Well, not this time. Today I’m writing about Poste Brassiere, located in the Hotel Monaco in the Penn Quarter neighborhood of Washington. A small group of us from Land O'Lakes found ourselves at loose ends after the first day of a conference we were attending. I was assigned the job of finding a good place to eat. I had heard of Poste, and after checking it out on the internet and in the Where Magazine for DC, I suggested we go there. It was an easy four block walk from the hotel where we were staying.



Based on what I’d read, I described the place to the other diners as ‘innovative American.’ I was challenged to define what that meant. Poste describes itself as contemporary brasserie – hardly more descriptive. I still think my description is more accurate. Traditionally, a French brasserie is more formal than a bistro but doesn’t have all of the features of a full-fledged restaurant. Often at a brassiere, menu items are complete meals rather than individual courses like you see at a restaurant.



But the fact is that in America, we hang the labels ‘brasserie,’ ‘bistro,’ café, etc. on the names of eating establishments without much thought about the traditional definition or presumed differences between them. (I wouldn’t be surprised to learn the same is true in France.)



When I describe Poste as ‘innovative America,’ I mean creative combinations of flavors, not too heavy on sauces, artful presentation, and easily recognizable menu items. Here’s what we had at Poste. You be the judge if it fits my description.

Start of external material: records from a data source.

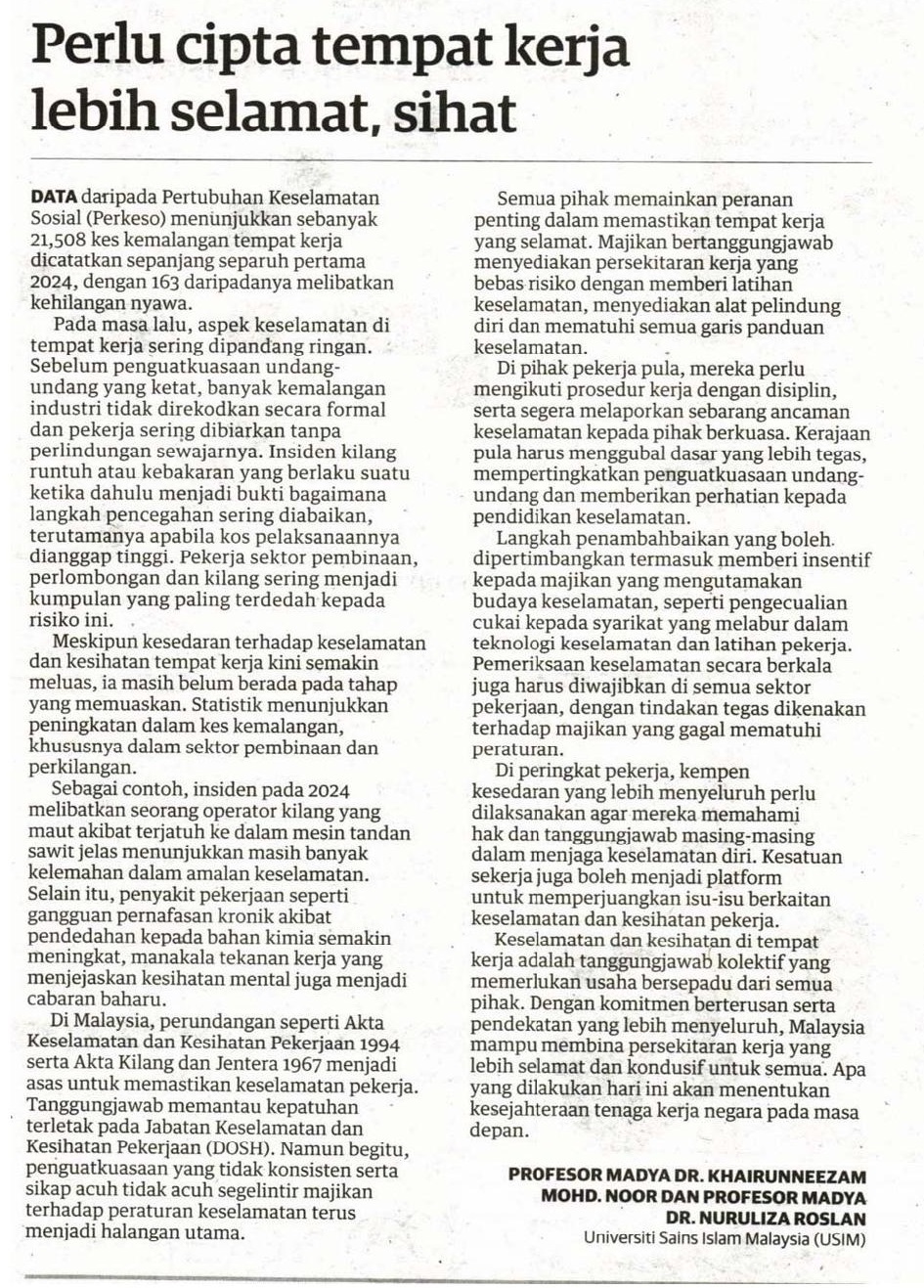 PERLU CIPTA TEMPAT KERJA LEBIH SELAMAT, SIHAT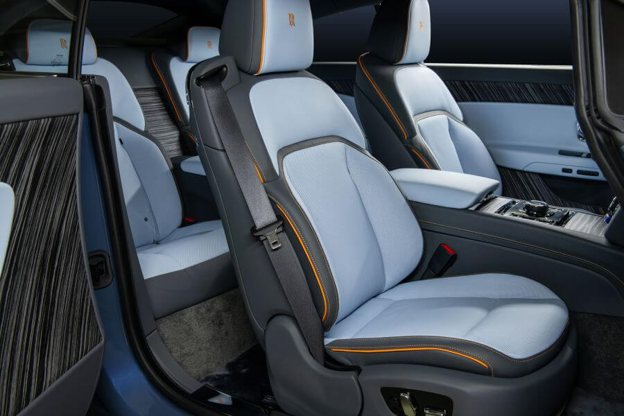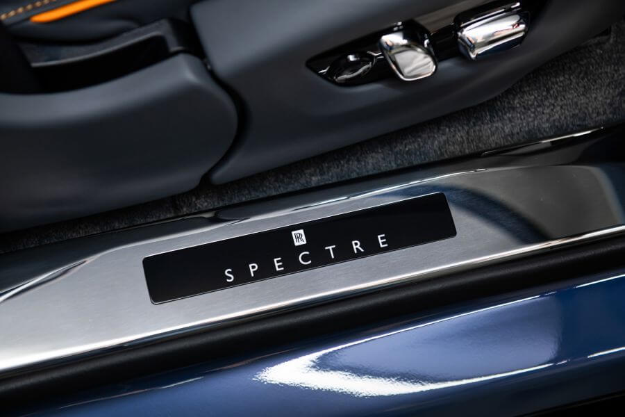 Spectre 的內飾設計靈感源於雋永神秘的夜空,也是勞斯萊斯首款配備星光車門(Starlight Doors)的量產車型。該設計以4,796 顆柔和光點營造出璀璨星空。其車門可定製 Canadel 木質鑲板作為背板,Canadel 木質鑲板的命名源於法國南部的海灣,這裡曾是亨利·萊斯爵士 (Sir Henry Royce) 和設計團隊的冬季工作地點。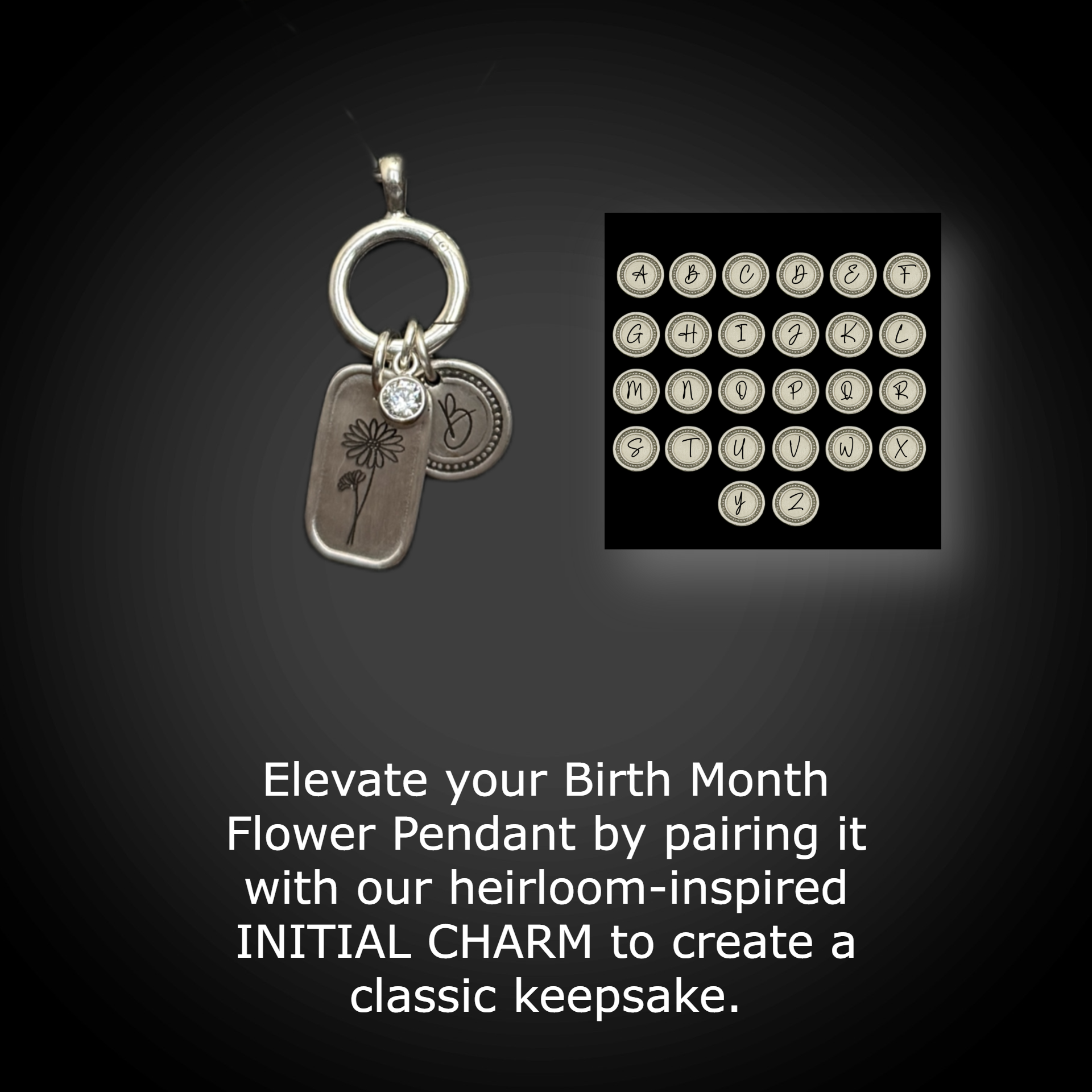 - An elegant, single line illustration of your Daisy birth month flower engraved on a sterling silver charm, measuring approximately 3/4" x 1/2". (Overall size is 1 1/2" x 1/2")

The three of us started by splitting two appetizers – a grilled kielbasa cut into thirds and a very nice selection of house-made charcuterie. The starters overcame any hesitancy my friends might have had about Poste; they quit caring if it was ‘innovative American’ or ‘contemporary brasserie.’ I thought the charcuterie plate was particularly good. The selection offered a nice variety of styles, and the flavors were also varied,



Both of my compatriots had the hanger steak and ‘pommes frites.’ Hanger steak is a traditional bistro fare. My carnivorous friends loved the steak served at Poste. It was tender, excellently prepared, very flavorful. Pommes frites are often defined as French fries. But the wonderfully prepared, crisp potatos served with the steak at Poste bore very little resemblance to the typical, greasy, mealy fries served at many American restaurants. These were truly exceptional. When we ordered, our server asked if we wanted the frites to be sprinkled with parmesan cheese. Hey! She was talking to a milk producer and a couple of Land O'Lakes staff. Of course we wanted them with parmesan. Wow! That was a fabulous addition.



I decided to go for a fish entrée. I ordered wild bass served with a potato mash (the menu calls it ‘champ’ potatoes) and caper beurre noisette. I didn’t know what that sauce was either. It was light and nutty and the capers added a tangy flavor that really enhanced the fish. So as I was writing this blog, I looked it up. Beurre noisette is a simple butter sauce. The butter is cooked over a gentle heat until the solids separate and begin to brown. It was a great meal.



One of our group was from California, so I asked him to select the wine. He picked a 2003 Clos du Val merlot. It was an excellent choice.



My rep as a restaurant picker in DC was maintained. Poste Brasserie – give it a try.


23 June 2007

Dinner at Lucca, Sacramento, CA

A business trip to Sacramento provided me with an opportunity to see my cousin and her husband and my aunt who live in nearby Dixon. Since I didn’t have a car, they drove in to see me. I got to pick the restaurant for dinner.

I love Google. After my business meeting, I typed in the address for my hotel and got a map of my neighborhood. I clicked on ‘search nearby’ for restaurants, and got a list of possibilities with their locations indicated in concentric circles on the map. Then I clicked on different results to see which ones seemed most promising.

One was Michelangelo’s. I went there last September when I stayed in the same neighborhood. I really liked it, and I considered taking my relatives there. But I also like to try new places, so I kept on searching.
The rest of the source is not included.